Daily island reversal patterns like today (10/2/23) do not occur frequently and rarely after an explosive rally and near the top of its trading range.


Does this warn of a sharp rise in interest rates toward the mid-5.0%?


Or the beginning of a near-to-medium-term correction or consolidation in interest rates?


Although an overbought condition has developed, the dominant and prevailing trend is an uptrend. To achieve lower rates, TNX needs to reverse below the Sept 2023 breakout at 4.333- 4.362% and breach the bottom of the May 2023 uptrend channel (4.25%) and the 50-day ma (4.232%). A confirmed breakdown signals the start of a TNX consolidation to intermediate-term support at 4.060-4.094% (Aug 2023 breakout and Sept 2023 lows).


What does this mean for stocks and interest rates?


If interest rates continue to climb toward their next key resistance at 5.316-5.457%, this can trigger a deep and extensive stock market downturn.


Below 4,200-4,250 increases the risk for the next SPX selloff toward 3,700-3,800 (Jul/Dec 2022 and Mar 2023 lows) and below this 3,500-3,600 (Jun and Oct 2022 reaction lows).

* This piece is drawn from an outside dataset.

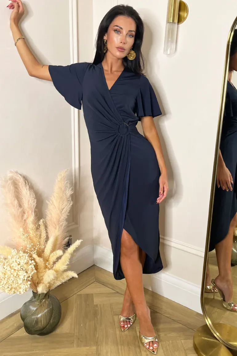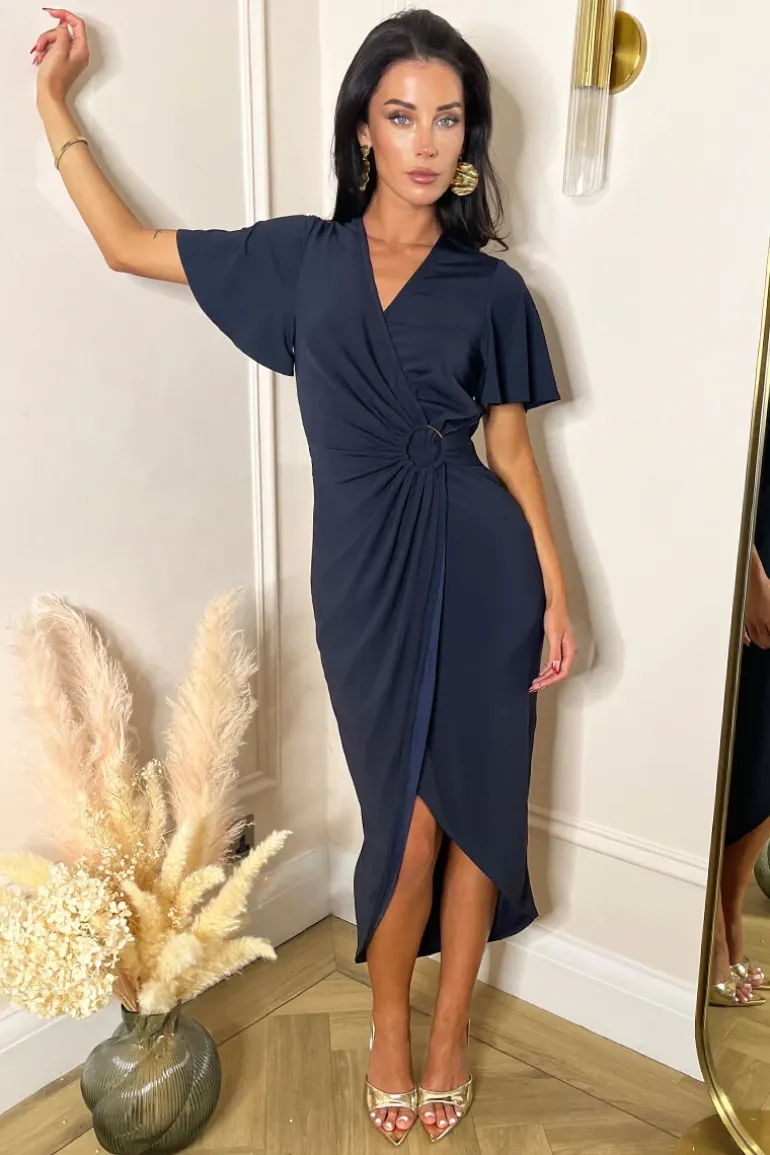 Our Navy Short Sleeve Ring Detail Wrap Midi Dress is an occasion

On a positive note, TNX nears overbought levels (RSI = 73.40). SPX is also approaching oversold levels (RSI = 34.09). Since TNX and SPX are historically inversely correlated, this implies an impending inflection is close.


SPX’s ability to maintain above crucial support at 4,200-4,250 (200-day ma, May 2023 breakout, and the Oct 2022 uptrend) can solidify a market bottom and ignite another recovery phase toward the Jan 2022 all-time highs (4,818.62).


The ability for TNX to reverse below near-to-medium tern technical supports at 4.33%-4.362 and 4.232-4.25% and below 4.06-4.094% confirms a pullback in interest rates.


Will these two bullish developments play out into the seasonality strength period over the next few days to weeks?